By itself, it doesn’t solve the problem of guaranteeing the token-bearer is the person it was issued for, but it’s by far the most privacy-respecting option and makes all these face-scanning, ID-retaining startups look like overengineered ticking time bombs.
It seems like a really robust system could be built atop zk-SNARKs… and in the meantime I’m personally not comfortable with any alternatives to that.
phoenixrises | 3 hours ago
As someone who formerly worked for a company that is pretty much a "overengineered ticking time bomb" I think it's just a hard problem to solve, especially in a reusable way.
tomf | 3 hours ago
shit -- better than the current systems. It seems like a fairly easy solution to a very compromising problem. It solves so many issues -- like the absolute gong show that is the social security numbers etc.
Please make this and get rich. :)
Sheep | 2 hours ago
In Portugal, this is how the age verification system is being implemented.
We already have a system to sign in online with our real ID. They call it a digital key, and it basically lets a site access certain legal information about you (what information is being shared is displayed to you before you press accept) to verify your real identity. This system is typically used by government sites and banks, since those are the two places that actually require strong verification.
What they're going to do for age verification is repurpose this already existing system (read: create a separate pipeline specifically just for age verification, so sites don't have the API permissions to request any other info) so that all a website gets when they check your age is a yes or no. They don't get the actual age, only a token. The government's database is the only one that has this info and never passes it along. They're the only ones allowed to keep your data, which you've already given them when you were born and registered as a citizen anyway.
As far as systems goes, this is the one that seems the most sensible and I'm glad I won't have to upload a photo of my ID to a random website, something I'll never do regardless.
indirection | 3 hours ago
Discord can accept credit cards, at least in the US, because they are only given to people over 18.
sparkle | 3 hours ago
In the US a parent/guardian can add a minor to an account and they can have a credit card issued in the minor's name (since it's technically illegal to use a card not in your name). I imagine there are also provisions for emancipated minors. To a vendor, the minor appears as a valid credit card holder. A vendor would be unaware who is the primary account holder.
You can also open a bank account in most (all?) states at 16 with parental/guardian approval and be issued a debit card. Debit cards do appear as debit and not credit to a vendor, but they wouldn't be able to determine the age.
Things might have changed in the 20+ years since I was that age with a credit card and debit card though.
redwall_hp | 2 hours ago
Many adults also may not be able to get credit cards if they have bad credit.

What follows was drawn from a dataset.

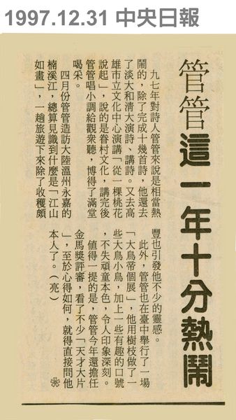 | 標題: | 管管這一年十分熱鬧 |

It also still has the same issue of de-anonymization, which is the real point of all of this: monitoring and control of speech for fascist ends.

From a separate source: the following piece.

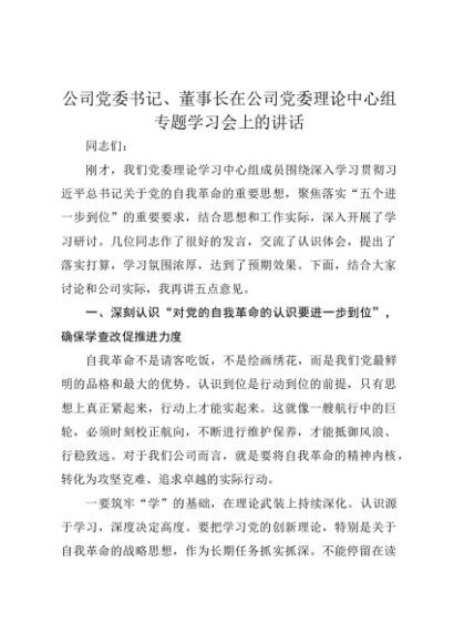 【七哥公文】2025年:公司党委书记、董事长在公司党委理论中心组专题学习会上的讲话+更多免费公文+VX:QiGeGongWen2024

This was never a problem that needed solving, merely a manufactured hysteria to ram though tools for controlling the public and further shaping public discourse.
tomf | 3 hours ago
discord can take CCs but not every adult has one. balooga's method really would solve the problem. It also takes the auth away from visa's near monopoly.
stu2b50 | 3 hours ago
It depends on the specific law whether or not that works. The UK’s OSA allows credit card existence as verification, but the laws from US states do not.
Eji1700 | 3 hours ago
I basically agree with everything else said, my only thought is maybe they missed a tech deadline as well and had to push anyways.
Slystuff | 38 minutes ago
This feature should also go a long way to help manage servers without age gating channels.